* [Your task] After locating "Vidner på stedet", return its line and all lines that follow through the end of the listing below, exactly; leave out pictures.
START Raw data
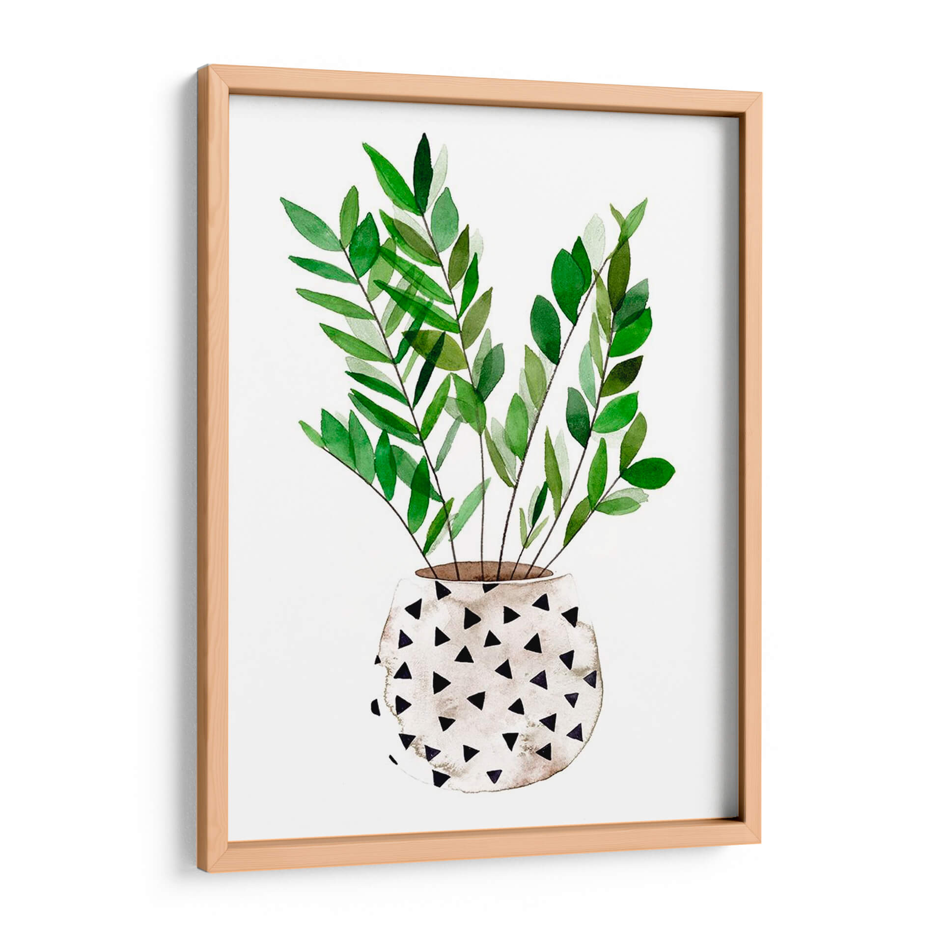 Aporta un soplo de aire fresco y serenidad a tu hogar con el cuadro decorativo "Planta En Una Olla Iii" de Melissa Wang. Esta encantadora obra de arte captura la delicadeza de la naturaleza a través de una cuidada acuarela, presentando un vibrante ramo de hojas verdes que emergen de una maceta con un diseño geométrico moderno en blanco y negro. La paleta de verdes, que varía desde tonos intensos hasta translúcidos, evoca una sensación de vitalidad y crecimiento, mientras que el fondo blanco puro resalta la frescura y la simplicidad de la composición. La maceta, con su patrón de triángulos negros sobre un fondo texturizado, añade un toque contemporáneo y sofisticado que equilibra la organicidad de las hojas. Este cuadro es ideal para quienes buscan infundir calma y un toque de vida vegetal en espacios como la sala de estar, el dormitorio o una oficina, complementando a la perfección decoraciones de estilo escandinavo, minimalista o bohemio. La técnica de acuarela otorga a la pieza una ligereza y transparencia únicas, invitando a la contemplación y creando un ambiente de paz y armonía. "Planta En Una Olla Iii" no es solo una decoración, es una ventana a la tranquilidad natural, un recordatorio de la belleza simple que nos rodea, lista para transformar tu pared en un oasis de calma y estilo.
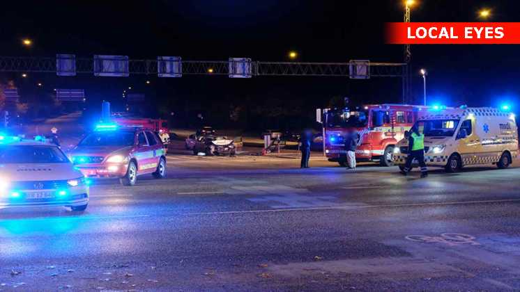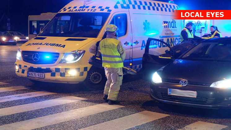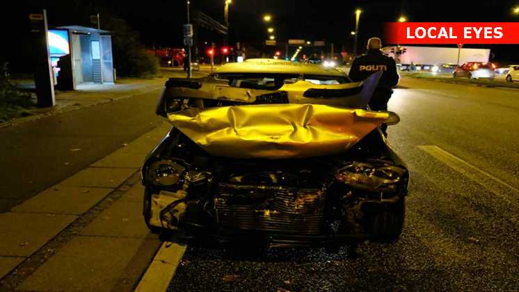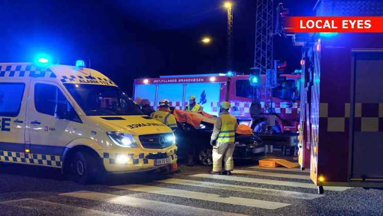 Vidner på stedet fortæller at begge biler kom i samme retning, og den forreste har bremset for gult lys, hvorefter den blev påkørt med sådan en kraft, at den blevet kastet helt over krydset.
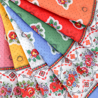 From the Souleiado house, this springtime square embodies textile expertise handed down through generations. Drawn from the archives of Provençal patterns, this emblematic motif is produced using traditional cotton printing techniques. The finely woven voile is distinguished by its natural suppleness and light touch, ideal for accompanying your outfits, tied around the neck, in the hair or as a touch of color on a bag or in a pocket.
END Raw data
* [Exercise answer]
 Vidner på stedet fortæller at begge biler kom i samme retning, og den forreste har bremset for gult lys, hvorefter den blev påkørt med sådan en kraft, at den blevet kastet helt over krydset.
 From the Souleiado house, this springtime square embodies textile expertise handed down through generations. Drawn from the archives of Provençal patterns, this emblematic motif is produced using traditional cotton printing techniques. The finely woven voile is distinguished by its natural suppleness and light touch, ideal for accompanying your outfits, tied around the neck, in the hair or as a touch of color on a bag or in a pocket.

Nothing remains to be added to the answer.